# Recording digital cable channels with a VCR



## Ahinote (Sep 13, 2008)

Hello,

I just hooked up my digital cable box with a VCR and it works fine to watch any channel I want. The VCR can be set to record certain channels at certain times for a certain period of time. My question is how can i make it record the channels in over 125? That is as high as it goes and i was wondering if there was a way past it, i would like to record some shows up in the 200's.

Ahinotex


----------



## yustr (Sep 27, 2004)

You only need one tuner; either the cable box or the VCR. It sounds like you're using the VCR to change channels.

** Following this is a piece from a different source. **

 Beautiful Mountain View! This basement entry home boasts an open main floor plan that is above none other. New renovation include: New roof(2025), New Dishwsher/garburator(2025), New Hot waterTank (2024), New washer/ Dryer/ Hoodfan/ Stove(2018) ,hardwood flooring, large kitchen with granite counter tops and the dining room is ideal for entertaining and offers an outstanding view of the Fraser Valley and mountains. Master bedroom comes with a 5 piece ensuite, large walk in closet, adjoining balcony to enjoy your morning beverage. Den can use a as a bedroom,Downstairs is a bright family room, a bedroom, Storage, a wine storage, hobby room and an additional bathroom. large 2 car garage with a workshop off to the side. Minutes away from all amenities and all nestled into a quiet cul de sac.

Don't. Set it to Channel 3 (or 4) and use the cable box to tune to channel 200+. See if that works. If so, you can still have it start and stop when you want but you'll have to have the cable box on the channel ahead of time.


----------



## Ahinote (Sep 13, 2008)

Oh I can tune to whatever channel I like but the problem is that I want to set the VCR to record shows. For example I want to record channel 216 tuesday from 10-11. When I am programming that into the VCR it only lets me get as high as 125.


----------



## yustr (Sep 27, 2004)

The VCR cannot go higher than channel 125 - nothing you can do about that it was a lot of channels in its day. So, program it to record channel 3 from 10-11 and make sure the cable box is set to channel 216. That's the best you're going to get.


----------



## Ahinote (Sep 13, 2008)

That works! thanks a bunch.


----------